To import this, let's use the `pd.read_csv()` function:

In [None]:
# Read in the dataframe
url = 'https://raw.githubusercontent.com/dt3zjy/node/master/week-1/workshop/boston_crime.csv'

Here, we've saved the data to a `dataframe` object named `crimes`

In [None]:
# Check the type

DataFrames contain our data in little "spreadsheet"-like structures. Whatever manipulations you can think of doing to the data, you can likely search how to do 

## Exploring dataframes

Let's take a look at the data. We'll use the function `.head()` to read in the first 5 rows

In [None]:
# Take a peek at the data

How big is the dataset? `.shape` returns a tuple with the dimensions as (rows, columns)

In [None]:
# Show shape

Let's try to understand our data a bit better. 
- How many different crimes are in the dataset? 

In [None]:
# Number of unique

- Which crime happens the most frequently?

In [None]:
# Value counts

Show the most recent crime by sorting the dataframe:

In [None]:
# Sort values

### Subsetting

Subsetting is a super helpful tool. We'll take a look at this more depth in next week, but for now, here are the basics:

We can filter rows from a dataframe based on some condition

- Show crimes that happened on `WASHINGTON ST`

In [None]:
# Subset by Washington St

How would you show only crimes north of the Museum of Fine Arts in Boston (Lat > `42.3394`)

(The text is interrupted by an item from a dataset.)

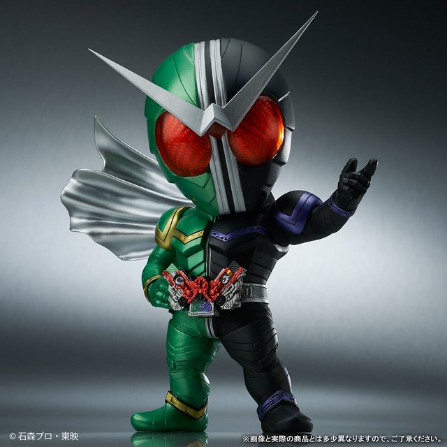 一樣也是以約2.5頭身的Q版本比例來呈現,在其造型服裝的褶皺和腰帶細節等等都精彩再現,讓喜愛的玩具人可以享受將喜愛的騎士濃縮縮小到手掌大小的尺寸魅力。另外於頭部面罩複眼部份配置有Led燈的發光設計,此作預計於PREMIUM BANDAI線上商店與X-PLUS TOYS的少年RIC線上商店兩個通路上限定販售,喜歡《假面騎士W》系列的玩具人可以參考一下。

Hint: Same way as matching if statements in python, mirroring the syntax above

In [None]:
# Your turn!

## Data Manipulation

What is the percentage of crimes where a shooting occurred?

In [None]:
# Finding percentage

## Visualization

First things first, let's import the package to help us visualize the data, `plotly`.

If this package isn't yet included, we can install it using `!pip install plotly`. More on this week 5. 

In [None]:
# Import

Note that we're using the sub package of the broader package, called `plotly express`. This simplifies a lot of the more difficult steps

Plotly express has a broad range of options to play with, let's take a look at the documentation. 
<br>Do a quick google search to pull up documentation for `px.histogram` OR run `px.histogram?` in a Jupyter cell

In [None]:
# Find more info on px.histogram

Let's look at the top ten most frequent crimes 

In [None]:
crime_sample = crime.sample(frac=.2)
crime_sample = crime_sample[crime_sample['OFFENSE_DESCRIPTION'].isin(crime_sample['OFFENSE_DESCRIPTION'].value_counts()[0:10].index)]

In [None]:
# Histogram

Look at the stacked histogram. What does the data tell you?

### Geographic Plots

Let's take this data into a geographic plot. These crimes happen at certain PLACES, so let's see if we can find a trend.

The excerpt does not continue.